Franz Lehárs letztes Musiktheaterwerk "Giuditta" aus dem Jahr 1934 wird mal als "Spieloper", mal als "Musikalische Komödie" oder auch als "Operette" betitelt. An der Bayerischen Staatsoper war das Stück jedenfalls noch nie zu sehen. Am 18. Dezember erlebte "Giuditta" dort ihre Erstaufführung in einer Fassung von Regisseur Christoph Marthaler, der Lehárs Komposition mit Orchestermusiken und Liedern von seinen Zeitgenossen wie Arnold Schönberg, Erich Wolfgang Korngold oder Dmitri Schostakowitsch durchbricht.

Bildquelle: Wilfried Hösl

Kritik

"Giuditta" an der Bayerischen Staatsoper

Es sei klar gesagt, der Titel trügt. Mit Operette hat dieser Abend ebenso wenig zu tun, wie mit Oper oder Schauspiel. Vielmehr ist er ein szenisches Experiment, eine Collage aus Teilen der "Giuditta" und großen Orchesterwerken und auch Kammermusik, die zwischen 1912 und 1940 komponiert wurden. Ein Liederabend, eine Revue? Von beidem etwas, aber auch Schauspiel ist dabei: Figuren aus Ödön von Horváths Historie "Sladek, oder die schwarze Armee" dringen gleich zu Beginn in die Handlung ein, Octavio spannt Giuditta ihrenTuba spielenden Ehemann aus, während das ursprüngliche Buffo-Paar aus der "Giuditta" zu Anna und Sladek aus dem Horváth Stück mutiert und der Wert von Denunziation und Desertion für ein Liebepaar in Kriegszeiten abgehandelt wird. Ihr Lehár'sches Liebesduett dürfen Kerstin Avemo als Anna und Sebastian Kohlhepp als Sladek dennoch singen. Nur tanzen tut eine wild zappelnde Solistin an ihrer Stelle.

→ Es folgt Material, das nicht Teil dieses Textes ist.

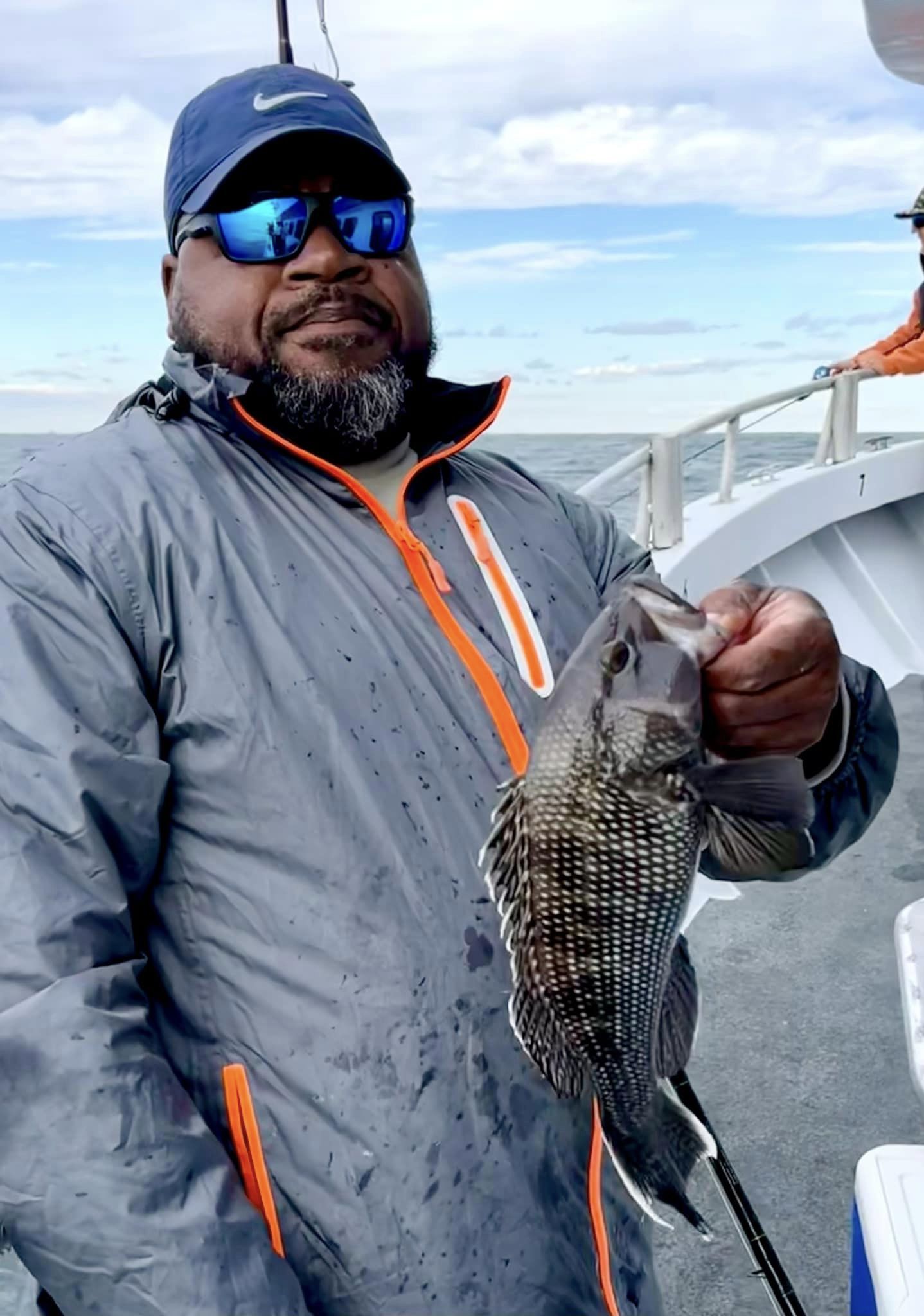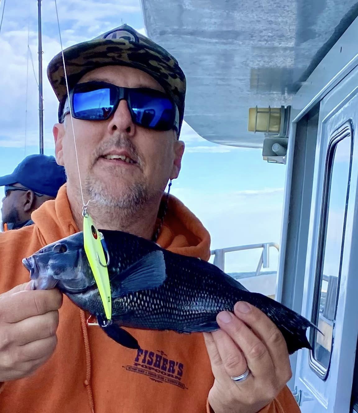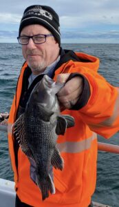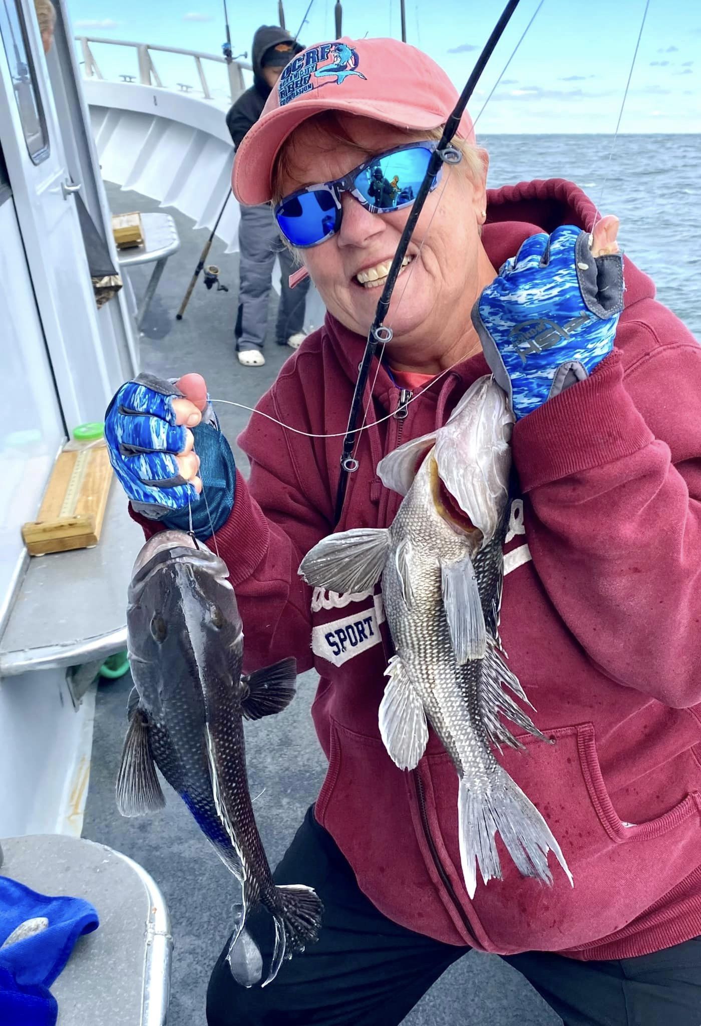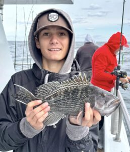 Captain Chris Mizurak of the Angler was stuck inshore today thanks to the wind, but he did still put his anglers on some good fishing with sea bass and a few big red drum that were caught and released.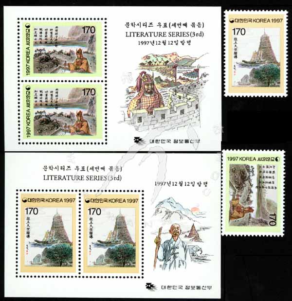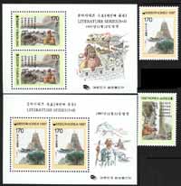 韩国文学系列三,《与隋将于仲文诗》和《往五天竺国图传》诗词及绘画2全+2枚小全张(各2票)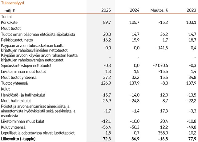 Varsinais-Suomen Osuuspankin asema vahvistui edelleen alueellisesti merkittävänä ja vakavaraisena pankkina vuoden 2025 aikana. Korkokate supistui 89,7 miljoonaan euroon (105,7) ja pankin liikevoitto heikkeni 16,8 prosenttia vuoden takaisesta vertailuajankohdasta ollen 72,3 miljoonaa euroa (86,9). Pankin nettopalkkiotuotot kasvoivat 1,7 prosenttia edelliseen vuoteen verrattuna.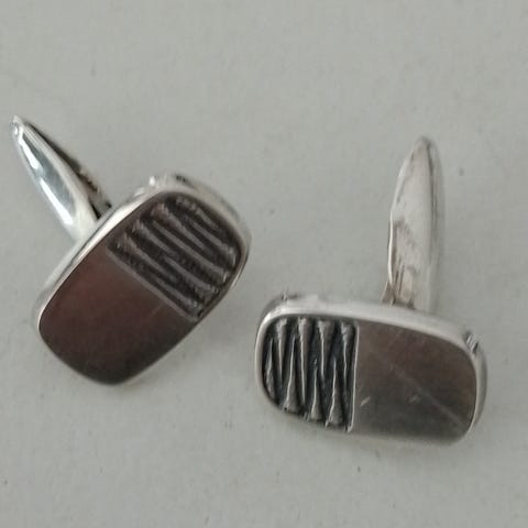 Miesten hienot vintage hopeiset kalvosinnapit. Ei kaiverruksia tai nimikirjaimia. Leimat K-H Oy, kruunuleima, 813H, Turun kaupunkileima sekä vuosileima L7= 1964 Paino 10,4 g
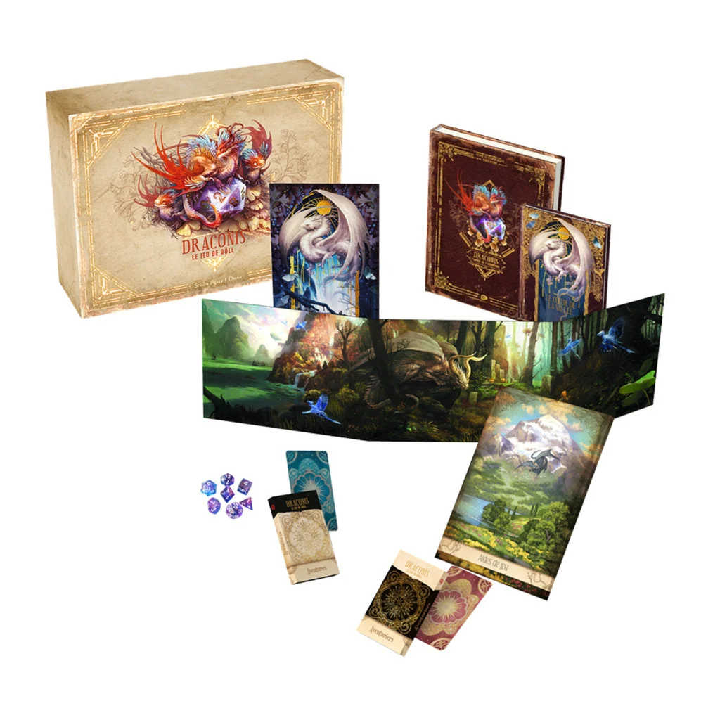 Ce superbe coffret collector, rigide et magnifiquement décoré, inclut la campagne L’Appel de l’aventure, ainsi que l’ensemble des accessoires et aides de jeu pour jouer en tout confort :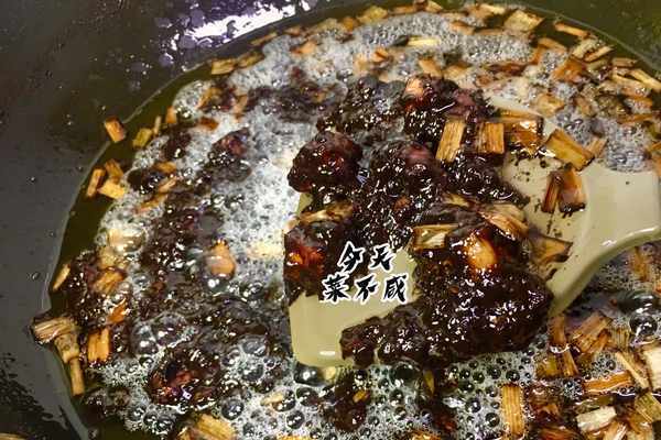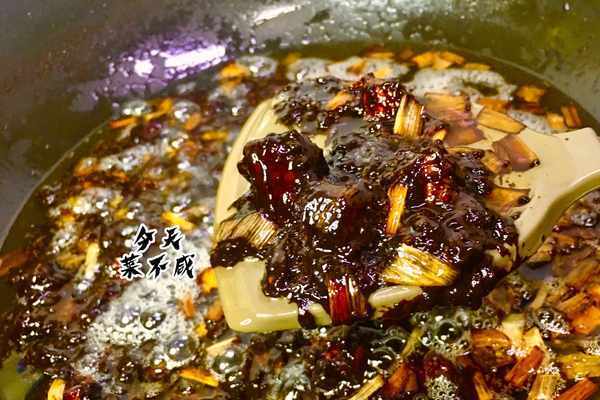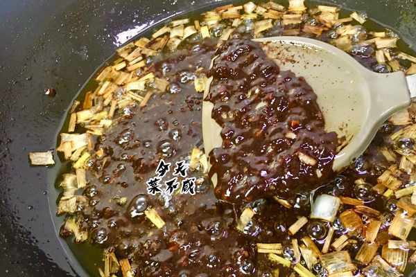 三、幹黃醬不要直接下鍋炒,一定要提前加水調開,小火慢炸把水分炸幹,切記中途不能加水。簡單說就是把五花肉丁炸香,把醬炸香,把蔥花炸香,也可以最後再加一部分蔥花增加蔥香味。

Regisseur Christoph Marthaler mixt Lehár mit Schönberg

Szene aus der Operette "Giuditta" von Franz Lehár, inszeniert von Christoph Marthaler an der Bayerischen Staatsoper, Premiere am 18.12.2021 | Bildquelle: Wilfried Hösl Szene aus der Operette "Giuditta" von Franz Lehár, inszeniert von Christoph Marthaler an der Bayerischen Staatsoper | Bildquelle: Wilfried Hösl Vier Klavierlieder von Eisler, Ullmann und Berg, Lehárs Tondichtung "Fieber", Schönbergs "Glückliche Hand" und Bartóks "Wunderbarer Mandarin" ermöglichen im ersten Teil des Abends durchaus spannende musikalische Gegenüberstellungen mit den Hits aus Lehárs "Giuditta", stoppen und verwirren allerdings den Handlungsfluss bis zur Pause. Zu erleben sind in Anna Viehbrocks gleichbleibend kühl-türkis und cremefarbenem Theater-Café mehr oder weniger skurrile Momentaufnahmen. Diese Szenen eines "Spiel von Liebe und Leid", wie der ursprüngliche Untertitel von "Giuditta" sogar heißen sollte, spielen in einer politisch angespannten Zeit und sind allesamt szenisch aufs Genaueste ausgearbeitet und in ihrer Ästhetik konsequent und beeindruckend. Trotzdem schmerzt das ständige Abbrechen des Lehár'schen Melodienflusses, der in seiner Art bereits 1934 von der fortschrittlicheren Tonsprache der Kollegen überholt war. Dennoch entfaltet er einen Sog, dem man sich gerne etwas länger hingeben möchte. Besonders, wenn so fein und lustvoll musiziert wird, wie hier vom Bayerischen Staatsorchester unter Titus Engel. Lustig wird es selten auf der Bühne, außer, wenn die Schauspieler zu Bartóks "Wunderbarem Mandarin" einen akrobatischen Bühnenumbau liefern, oder zu Schostakowitsch in Zuckungen verfallen.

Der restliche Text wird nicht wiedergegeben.